* [Task] Among the lines below, the one containing "4. Remove the" opens the range and the one containing "사람, 동물, 지구 이" closes it. Print that range exactly, without the pictures.

* [Data provided]
■ ■ ■

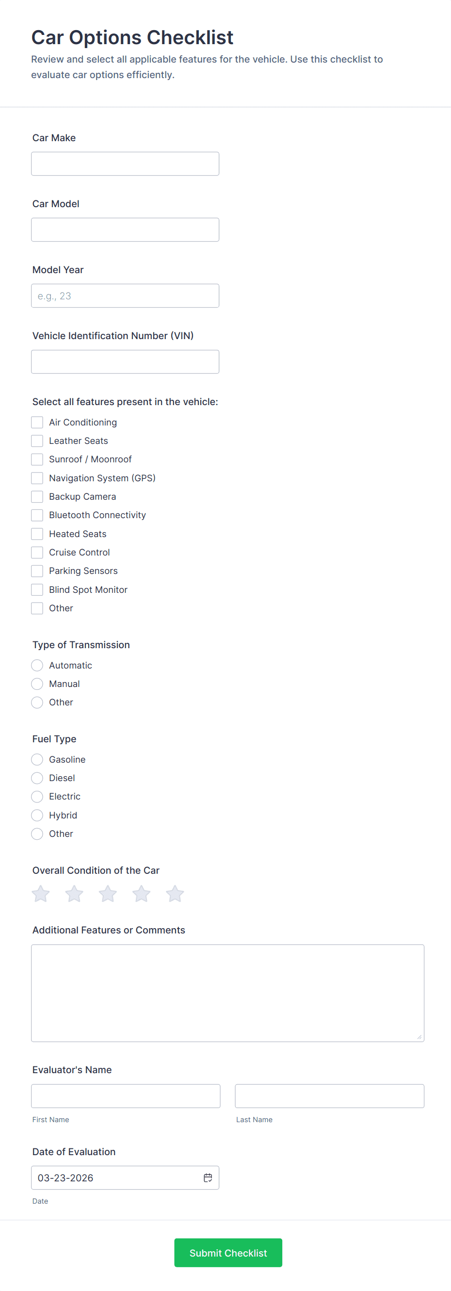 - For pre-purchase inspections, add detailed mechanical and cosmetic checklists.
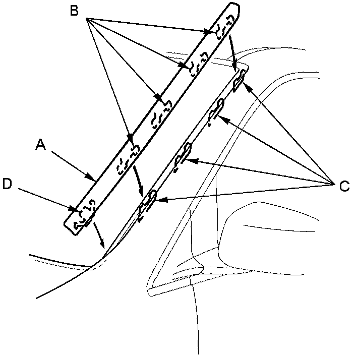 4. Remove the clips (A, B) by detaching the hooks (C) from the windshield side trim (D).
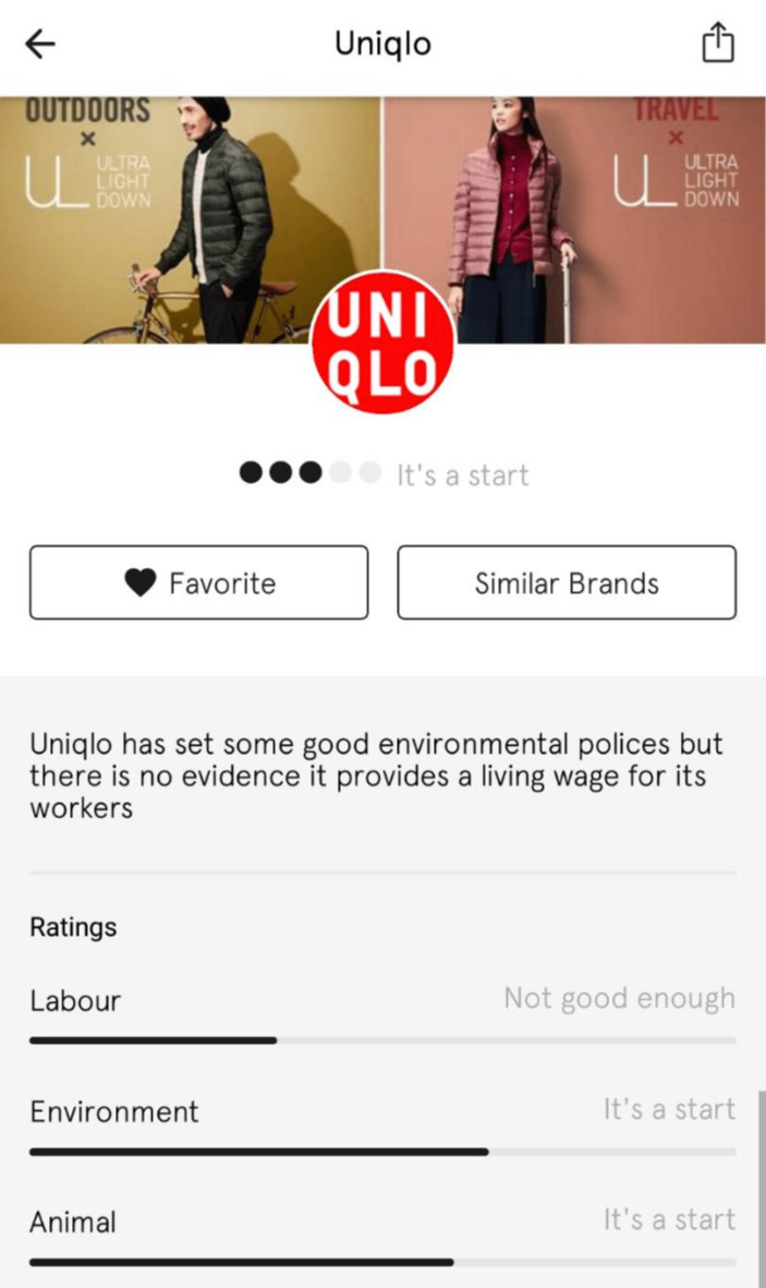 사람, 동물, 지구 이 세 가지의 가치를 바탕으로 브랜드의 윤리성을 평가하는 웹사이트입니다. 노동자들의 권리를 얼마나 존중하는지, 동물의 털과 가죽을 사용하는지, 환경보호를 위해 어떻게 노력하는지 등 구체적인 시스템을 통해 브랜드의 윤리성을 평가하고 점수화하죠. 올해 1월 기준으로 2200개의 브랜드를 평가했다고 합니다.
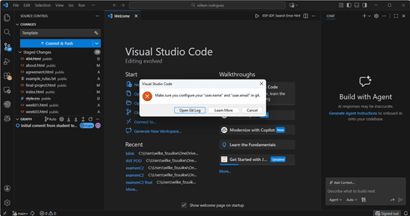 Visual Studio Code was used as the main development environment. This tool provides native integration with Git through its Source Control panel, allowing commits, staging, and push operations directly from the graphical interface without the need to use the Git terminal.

■ ■ ■

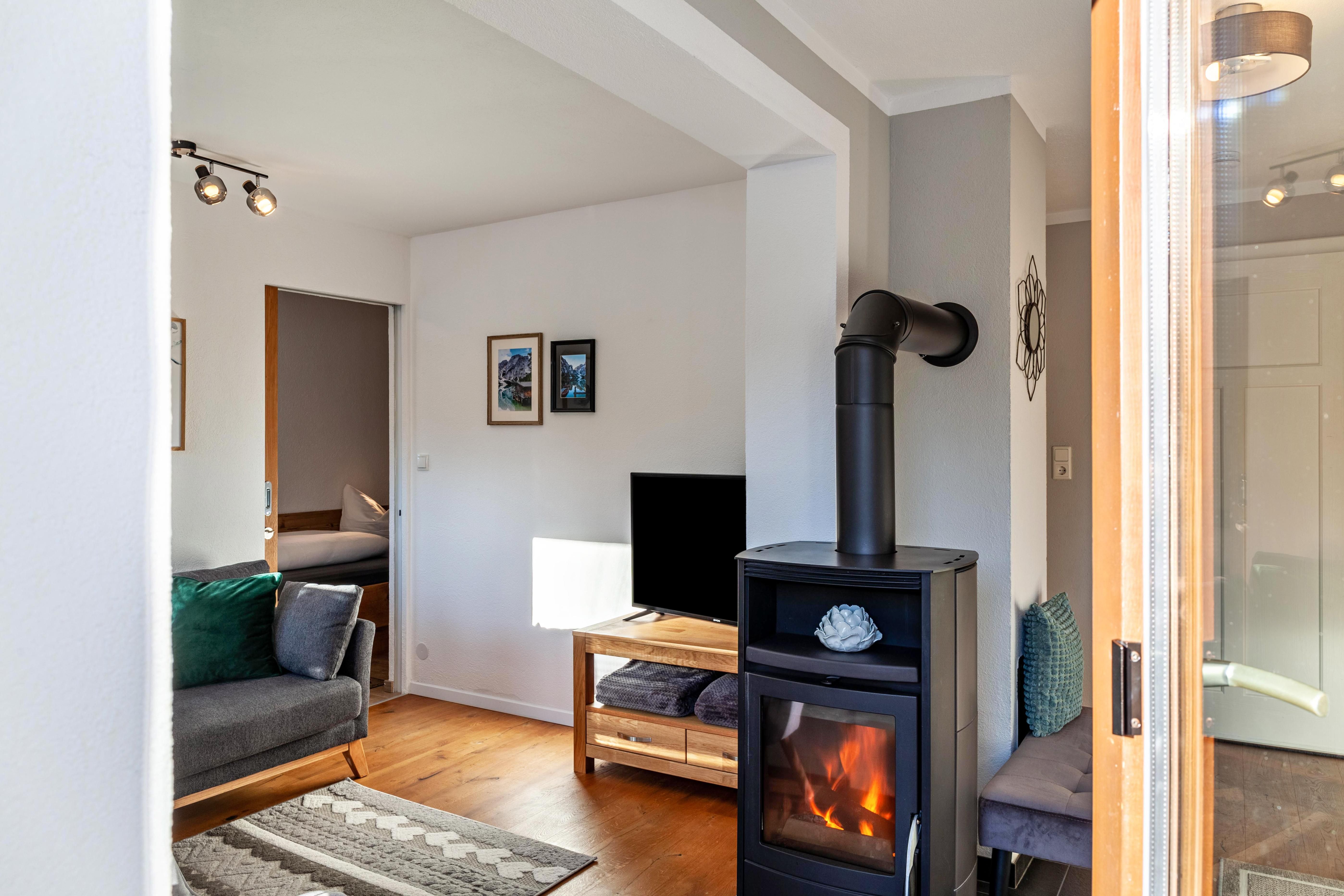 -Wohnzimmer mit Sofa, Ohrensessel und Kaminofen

■ ■ ■

* [Finished exercise]
 4. Remove the clips (A, B) by detaching the hooks (C) from the windshield side trim (D).
 사람, 동물, 지구 이 세 가지의 가치를 바탕으로 브랜드의 윤리성을 평가하는 웹사이트입니다. 노동자들의 권리를 얼마나 존중하는지, 동물의 털과 가죽을 사용하는지, 환경보호를 위해 어떻게 노력하는지 등 구체적인 시스템을 통해 브랜드의 윤리성을 평가하고 점수화하죠. 올해 1월 기준으로 2200개의 브랜드를 평가했다고 합니다.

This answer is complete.